The new government will face unenviably tough fiscal challenges. The government's current fiscal plans for the near term seem broadly consistent with the task of regaining macroeconomic stability. Given the deepness of the current downturn, and the heavy external debt load of the country, finding a balance with necessary fiscal stimulus measures in the near term and the preconditions for achieving fiscal consolidation in the medium term will not be easy. In addition, the fiscal outlook remains somewhat uncertain, and the government needs to clarify the details of how the excessive external obligations of the nationalised banks will be transferred onto the sovereign's own balance sheet. Securing a suitably tight fiscal policy in the coming years is also important from the point of view of macroeconomic policy co-ordination; the Central Bank of Iceland believes that inflation conditions are now allowing for liquidity-supporting interest-rate cuts, and has embarked on a monetary easing trend. However, it is counting on the combination of a relatively loose monetary policy and a tight fiscal policy in the coming years, to ensure both an adequate level of economic stimulus and macroeconomic stability.

Detailing the plans for banking sector restructuring remains a key task, as a functioning commercial banking sector is a precondition for sustained, stable growth in the longer term. In addition, clarity on banking sector recapitalisation is needed in order to secure macroeconomic stability in the near and medium term, so as to allow for capital-account liberalisation, which can only be implemented after foreign currency market stabilisation has solidified and foreign currency reserves have strengthened sufficiently.

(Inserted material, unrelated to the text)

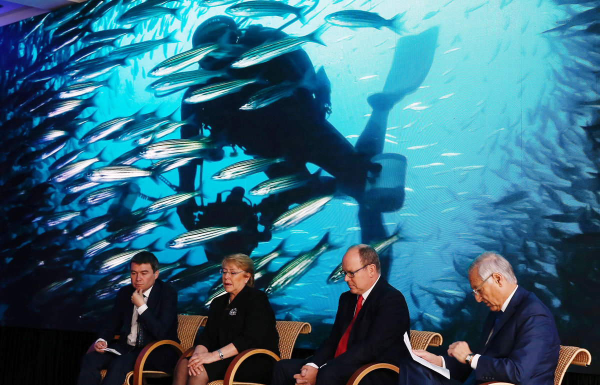 Chile's President Michelle Bachelet is flanked by Chile's Environment Minister Marcelo Mena (L), Monaco's Prince Albert (2nd R) and Chile's Foreign Minister Heraldo Munoz (R) as they watch a video during a meeting of the 4th International Marine Protected Areas Congress (IMPAC4) in Vina del Mar, Chile, September 9, 2017 REUTERS/Rodrigo Garrido
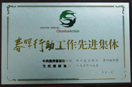 2010年12月3日,我院团委被省委组织部、省文明办、省农委、省教育厅、省团委评为“春晖行动工作先进集体”。

The new cabinet is likely to be broadly stable given that the SF and VG have agreed to disagree on the pivotal issue of EU membership. The inauguration of the new cabinet will mark a return to the stability that has traditionally characterised Icelandic politics, allowing the government to focus on essential issues, such as rebuilding the country's economy, with the aim of rapidly restoring both international and domestic confidence. The challenges facing the new administration are numerous, but the coalition has already proven itself able and willing to make tough decisions; given its penchant for communication instead of animosity, things could very well be looking up for the North Atlantic island.